Another triple integral. We're integrating over the interior of the sphere

$x^2+y^2+z^2=2^2$

Let's do the outer integral over z. z stays within the sphere so it goes from -2 to 2.

For the middle integral we have

$y^2=4-x^2-z^2$

x is the inner integral so at this point we conservatively say its zero.
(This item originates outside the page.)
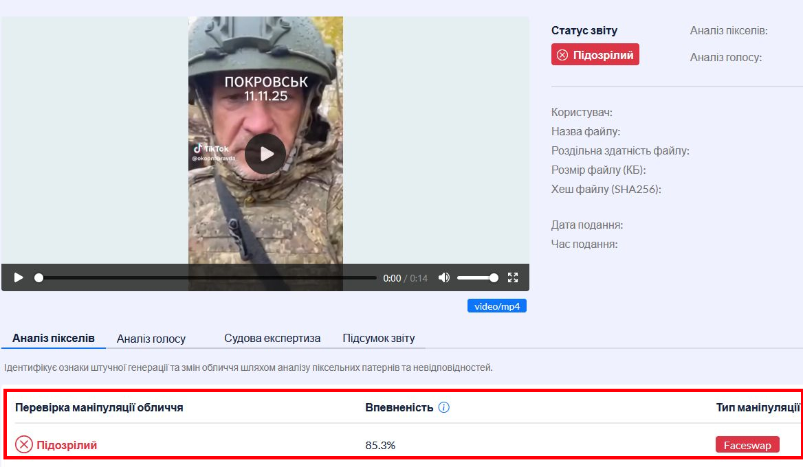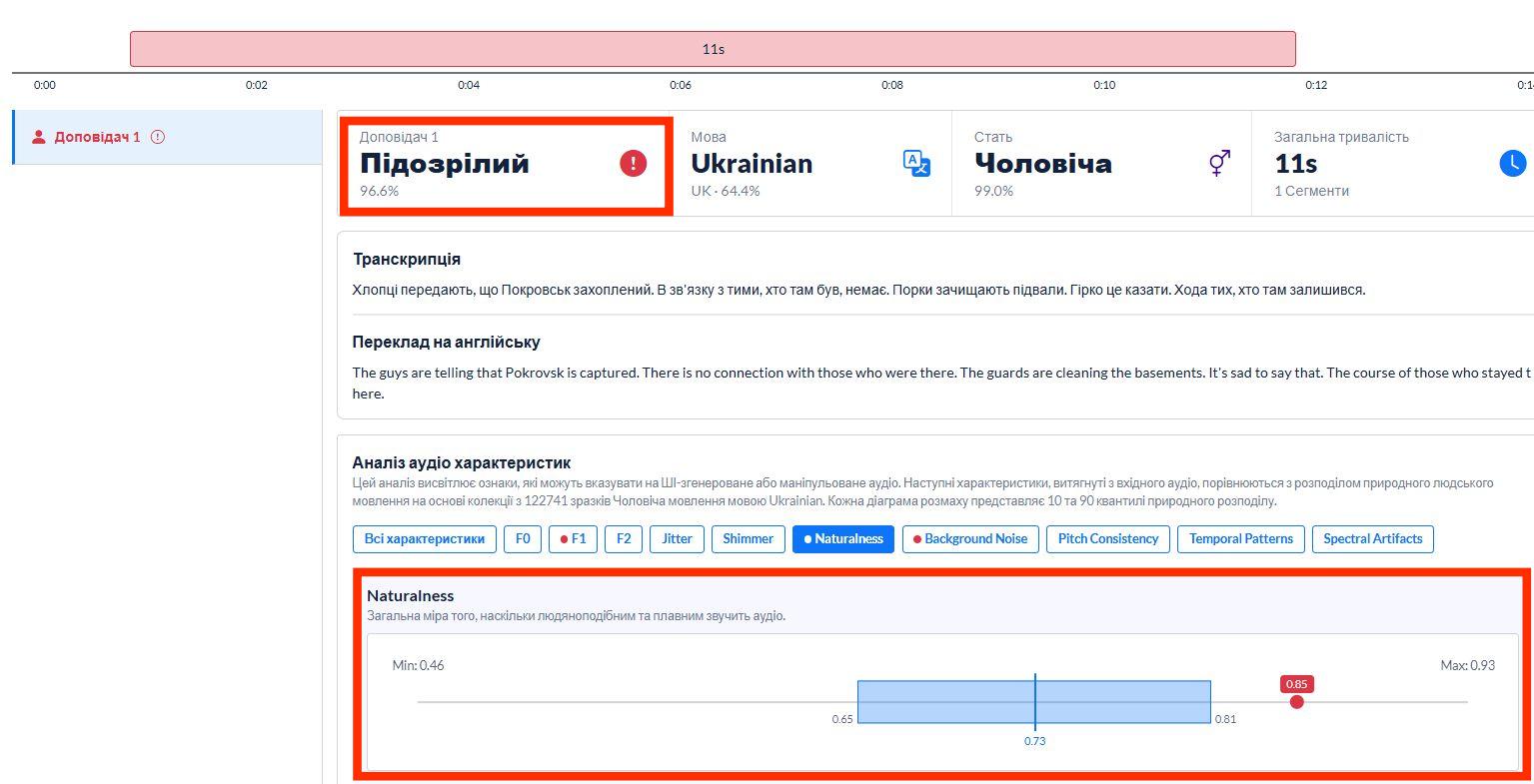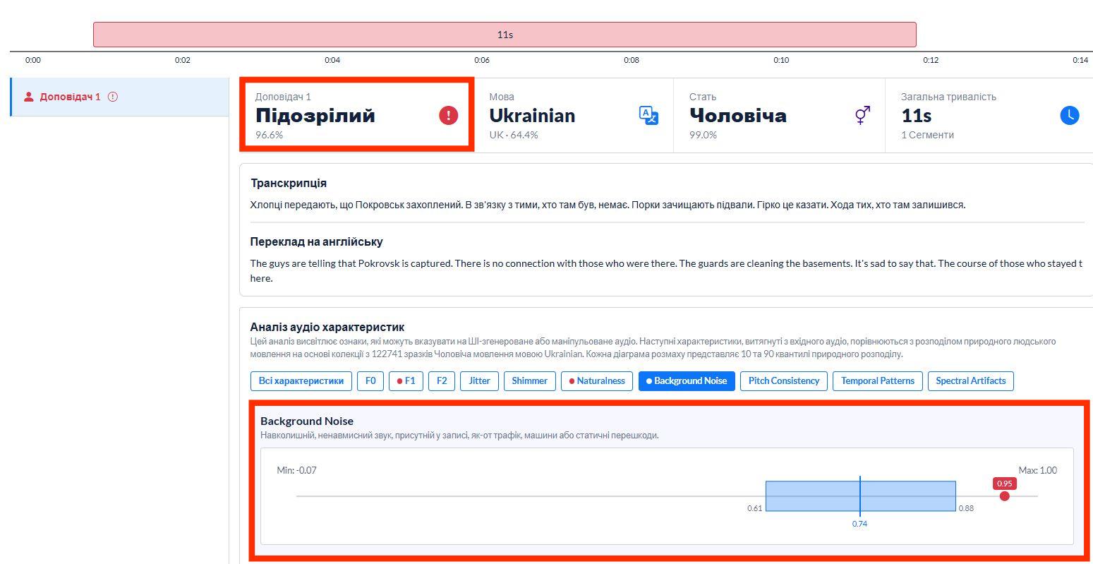 Крім цього, голос «військового» звучить роботизовано — рівно та без інтонації, що є ознакою синтетичного звуку. Перевірка в сервісі підтвердила, що з імовірністю 96,6% голос чоловіка та фонові звуки теж згенерували за допомогою ШІ.

That means y goes from $-\sqrt{4-z^2}$ and $+\sqrt{4-z^2}$

Similarly the inner integral x goes between $\pm-\sqrt{4-y^2-z^2}$

So we rewrite the integral

$\displaystyle \int_{-2}^{2} \int_{-\sqrt{4-z^2}}^{\sqrt{4-z^2}} \int_{-\sqrt{4-y^2-z^2}}^{\sqrt{4-y^2-z^2}} (x^2+xy+y^2)dx \; dy \; dz$

Let's work on the inner one,

$\displaystyle\int_{-\sqrt{4-y^2-z^2}}^{\sqrt{4-y^2-z^2}} (x^2+xy+y^2)dz$

There's no z in the integrand, so we treat it as a constant.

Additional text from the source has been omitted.